**What the task asks**
Pictures excluded, output exactly the lines from the one containing "Gümüş Renk Mavi Taş Detaylı Vücut Aksesuarı" through the last line of the listing below.

**Information shown**
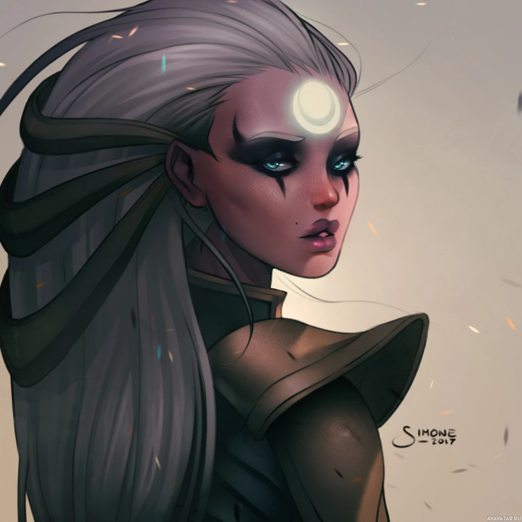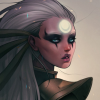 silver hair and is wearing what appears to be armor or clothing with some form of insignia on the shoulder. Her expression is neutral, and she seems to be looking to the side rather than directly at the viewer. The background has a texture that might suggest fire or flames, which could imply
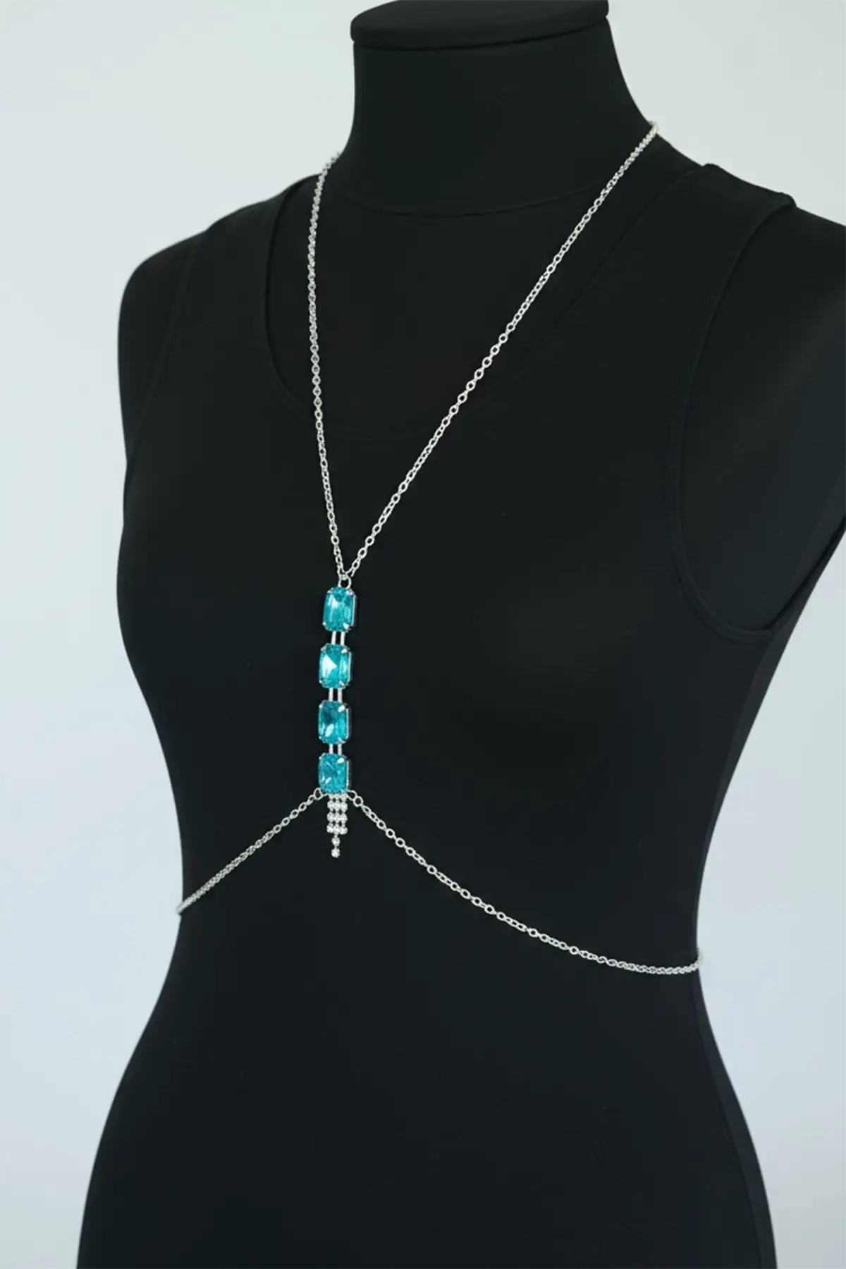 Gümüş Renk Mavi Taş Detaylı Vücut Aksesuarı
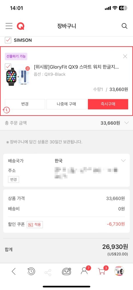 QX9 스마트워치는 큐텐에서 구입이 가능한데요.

**Answer to this exercise**
 Gümüş Renk Mavi Taş Detaylı Vücut Aksesuarı
 QX9 스마트워치는 큐텐에서 구입이 가능한데요.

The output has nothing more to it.